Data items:
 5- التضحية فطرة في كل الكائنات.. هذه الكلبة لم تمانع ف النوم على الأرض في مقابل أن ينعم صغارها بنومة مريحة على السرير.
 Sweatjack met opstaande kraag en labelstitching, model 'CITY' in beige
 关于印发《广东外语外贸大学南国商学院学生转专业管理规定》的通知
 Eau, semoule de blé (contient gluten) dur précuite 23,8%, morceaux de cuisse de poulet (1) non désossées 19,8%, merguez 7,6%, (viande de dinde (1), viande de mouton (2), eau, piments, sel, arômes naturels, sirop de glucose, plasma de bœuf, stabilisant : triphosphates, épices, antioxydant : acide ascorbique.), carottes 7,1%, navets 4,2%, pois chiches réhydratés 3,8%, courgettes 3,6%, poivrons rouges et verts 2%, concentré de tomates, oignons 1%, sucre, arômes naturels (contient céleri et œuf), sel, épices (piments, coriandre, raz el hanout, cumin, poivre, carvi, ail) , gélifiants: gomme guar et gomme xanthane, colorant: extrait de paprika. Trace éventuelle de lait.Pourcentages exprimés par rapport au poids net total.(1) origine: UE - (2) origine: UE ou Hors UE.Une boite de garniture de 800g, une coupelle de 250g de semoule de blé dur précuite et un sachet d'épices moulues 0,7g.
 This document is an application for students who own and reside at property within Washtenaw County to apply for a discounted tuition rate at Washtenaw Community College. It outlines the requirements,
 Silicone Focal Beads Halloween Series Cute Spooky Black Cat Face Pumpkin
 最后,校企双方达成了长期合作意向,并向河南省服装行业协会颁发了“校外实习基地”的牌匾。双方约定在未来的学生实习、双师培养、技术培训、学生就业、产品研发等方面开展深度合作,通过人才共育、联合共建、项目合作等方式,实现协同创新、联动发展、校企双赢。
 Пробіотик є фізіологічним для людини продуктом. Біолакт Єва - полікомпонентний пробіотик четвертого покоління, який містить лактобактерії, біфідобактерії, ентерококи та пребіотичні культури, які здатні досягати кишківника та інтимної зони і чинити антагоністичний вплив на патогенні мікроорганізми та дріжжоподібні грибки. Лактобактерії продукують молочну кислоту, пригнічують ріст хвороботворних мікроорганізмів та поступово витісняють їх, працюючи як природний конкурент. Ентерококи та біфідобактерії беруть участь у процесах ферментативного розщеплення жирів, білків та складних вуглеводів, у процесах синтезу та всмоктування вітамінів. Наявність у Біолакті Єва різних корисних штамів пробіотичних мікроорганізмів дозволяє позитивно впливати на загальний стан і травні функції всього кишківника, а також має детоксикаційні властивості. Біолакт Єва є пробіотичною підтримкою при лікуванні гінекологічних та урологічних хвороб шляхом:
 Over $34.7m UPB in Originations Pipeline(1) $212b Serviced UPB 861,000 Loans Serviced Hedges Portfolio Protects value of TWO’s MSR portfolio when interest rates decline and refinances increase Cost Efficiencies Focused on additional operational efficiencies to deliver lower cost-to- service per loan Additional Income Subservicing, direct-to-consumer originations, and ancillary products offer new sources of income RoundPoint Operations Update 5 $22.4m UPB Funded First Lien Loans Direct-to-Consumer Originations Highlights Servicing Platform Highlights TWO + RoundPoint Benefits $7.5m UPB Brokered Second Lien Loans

Work to be completed: Retype every entry without changing anything.

Written reply:
 5- التضحية فطرة في كل الكائنات.. هذه الكلبة لم تمانع ف النوم على الأرض في مقابل أن ينعم صغارها بنومة مريحة على السرير.
 Sweatjack met opstaande kraag en labelstitching, model 'CITY' in beige
 关于印发《广东外语外贸大学南国商学院学生转专业管理规定》的通知
 Eau, semoule de blé (contient gluten) dur précuite 23,8%, morceaux de cuisse de poulet (1) non désossées 19,8%, merguez 7,6%, (viande de dinde (1), viande de mouton (2), eau, piments, sel, arômes naturels, sirop de glucose, plasma de bœuf, stabilisant : triphosphates, épices, antioxydant : acide ascorbique.), carottes 7,1%, navets 4,2%, pois chiches réhydratés 3,8%, courgettes 3,6%, poivrons rouges et verts 2%, concentré de tomates, oignons 1%, sucre, arômes naturels (contient céleri et œuf), sel, épices (piments, coriandre, raz el hanout, cumin, poivre, carvi, ail) , gélifiants: gomme guar et gomme xanthane, colorant: extrait de paprika. Trace éventuelle de lait.Pourcentages exprimés par rapport au poids net total.(1) origine: UE - (2) origine: UE ou Hors UE.Une boite de garniture de 800g, une coupelle de 250g de semoule de blé dur précuite et un sachet d'épices moulues 0,7g.
 This document is an application for students who own and reside at property within Washtenaw County to apply for a discounted tuition rate at Washtenaw Community College. It outlines the requirements,
 Silicone Focal Beads Halloween Series Cute Spooky Black Cat Face Pumpkin
 最后,校企双方达成了长期合作意向,并向河南省服装行业协会颁发了“校外实习基地”的牌匾。双方约定在未来的学生实习、双师培养、技术培训、学生就业、产品研发等方面开展深度合作,通过人才共育、联合共建、项目合作等方式,实现协同创新、联动发展、校企双赢。
 Пробіотик є фізіологічним для людини продуктом. Біолакт Єва - полікомпонентний пробіотик четвертого покоління, який містить лактобактерії, біфідобактерії, ентерококи та пребіотичні культури, які здатні досягати кишківника та інтимної зони і чинити антагоністичний вплив на патогенні мікроорганізми та дріжжоподібні грибки. Лактобактерії продукують молочну кислоту, пригнічують ріст хвороботворних мікроорганізмів та поступово витісняють їх, працюючи як природний конкурент. Ентерококи та біфідобактерії беруть участь у процесах ферментативного розщеплення жирів, білків та складних вуглеводів, у процесах синтезу та всмоктування вітамінів. Наявність у Біолакті Єва різних корисних штамів пробіотичних мікроорганізмів дозволяє позитивно впливати на загальний стан і травні функції всього кишківника, а також має детоксикаційні властивості. Біолакт Єва є пробіотичною підтримкою при лікуванні гінекологічних та урологічних хвороб шляхом:
 Over $34.7m UPB in Originations Pipeline(1) $212b Serviced UPB 861,000 Loans Serviced Hedges Portfolio Protects value of TWO’s MSR portfolio when interest rates decline and refinances increase Cost Efficiencies Focused on additional operational efficiencies to deliver lower cost-to- service per loan Additional Income Subservicing, direct-to-consumer originations, and ancillary products offer new sources of income RoundPoint Operations Update 5 $22.4m UPB Funded First Lien Loans Direct-to-Consumer Originations Highlights Servicing Platform Highlights TWO + RoundPoint Benefits $7.5m UPB Brokered Second Lien Loans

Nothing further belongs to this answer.